> **Work order**:
The whole listing needs to be written out exactly, except for any images.

> **The data**:
□ □ □

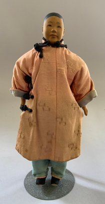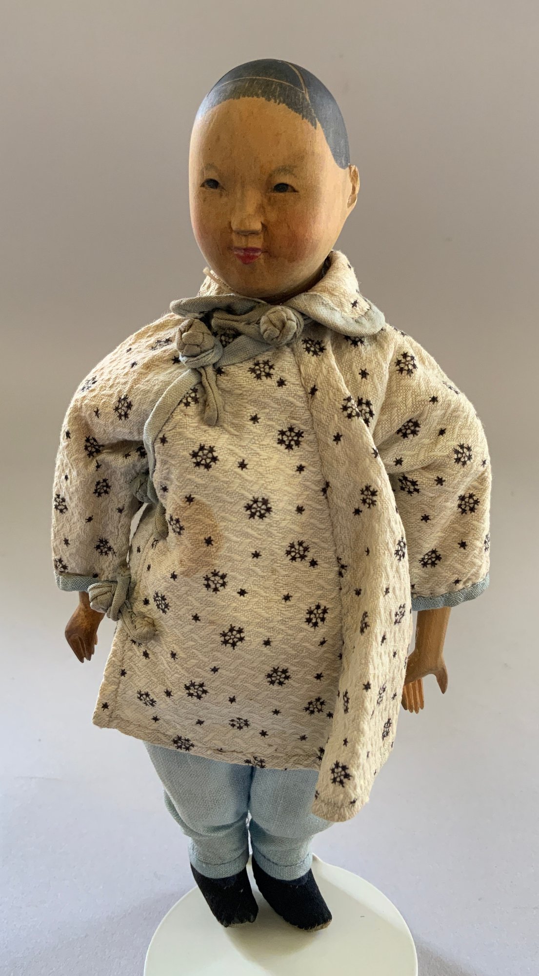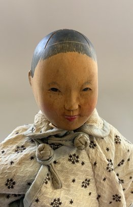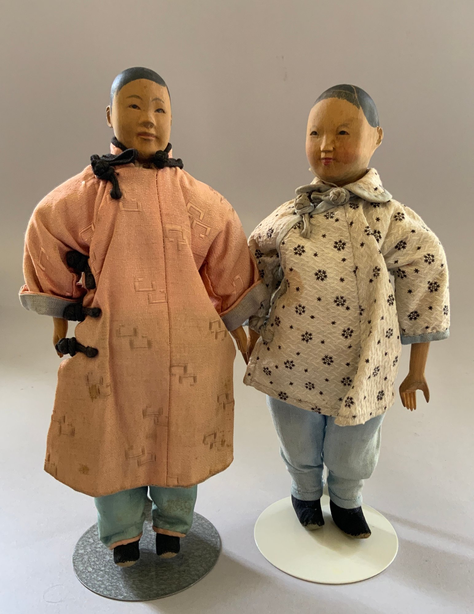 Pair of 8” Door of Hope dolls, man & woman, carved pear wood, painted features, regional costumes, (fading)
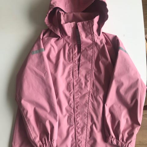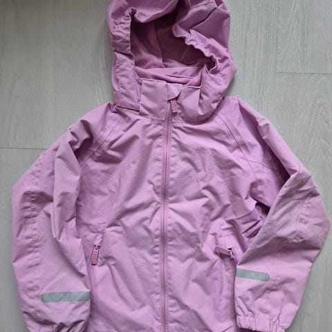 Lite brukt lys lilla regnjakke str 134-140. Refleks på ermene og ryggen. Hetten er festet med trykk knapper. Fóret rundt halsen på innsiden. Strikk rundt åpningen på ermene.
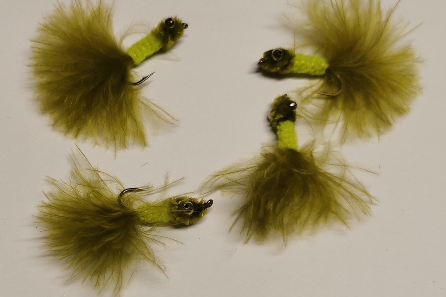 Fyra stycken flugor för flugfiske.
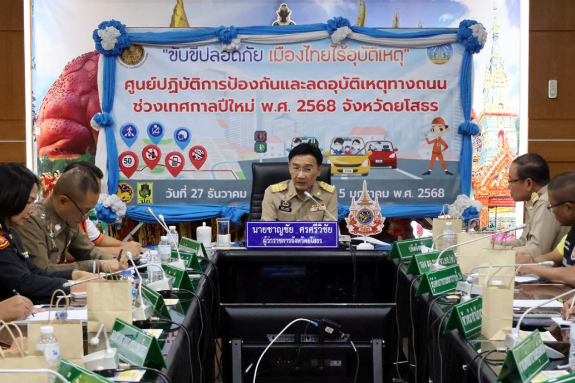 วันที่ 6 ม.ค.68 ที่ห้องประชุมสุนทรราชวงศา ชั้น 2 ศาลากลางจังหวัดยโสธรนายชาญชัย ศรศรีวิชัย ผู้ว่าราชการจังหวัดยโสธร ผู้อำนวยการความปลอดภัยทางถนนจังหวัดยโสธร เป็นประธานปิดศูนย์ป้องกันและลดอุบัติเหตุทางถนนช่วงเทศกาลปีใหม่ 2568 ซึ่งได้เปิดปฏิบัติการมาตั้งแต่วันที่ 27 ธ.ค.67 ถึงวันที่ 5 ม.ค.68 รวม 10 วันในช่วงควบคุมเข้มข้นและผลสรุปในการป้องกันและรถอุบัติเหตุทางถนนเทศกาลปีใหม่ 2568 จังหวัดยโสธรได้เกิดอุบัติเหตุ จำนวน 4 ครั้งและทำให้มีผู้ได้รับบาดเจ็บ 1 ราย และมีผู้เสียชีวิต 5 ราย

□ □ □

> **Solution to the exercise**:
 Pair of 8” Door of Hope dolls, man & woman, carved pear wood, painted features, regional costumes, (fading)
 Lite brukt lys lilla regnjakke str 134-140. Refleks på ermene og ryggen. Hetten er festet med trykk knapper. Fóret rundt halsen på innsiden. Strikk rundt åpningen på ermene.
 Fyra stycken flugor för flugfiske.
 วันที่ 6 ม.ค.68 ที่ห้องประชุมสุนทรราชวงศา ชั้น 2 ศาลากลางจังหวัดยโสธรนายชาญชัย ศรศรีวิชัย ผู้ว่าราชการจังหวัดยโสธร ผู้อำนวยการความปลอดภัยทางถนนจังหวัดยโสธร เป็นประธานปิดศูนย์ป้องกันและลดอุบัติเหตุทางถนนช่วงเทศกาลปีใหม่ 2568 ซึ่งได้เปิดปฏิบัติการมาตั้งแต่วันที่ 27 ธ.ค.67 ถึงวันที่ 5 ม.ค.68 รวม 10 วันในช่วงควบคุมเข้มข้นและผลสรุปในการป้องกันและรถอุบัติเหตุทางถนนเทศกาลปีใหม่ 2568 จังหวัดยโสธรได้เกิดอุบัติเหตุ จำนวน 4 ครั้งและทำให้มีผู้ได้รับบาดเจ็บ 1 ราย และมีผู้เสียชีวิต 5 ราย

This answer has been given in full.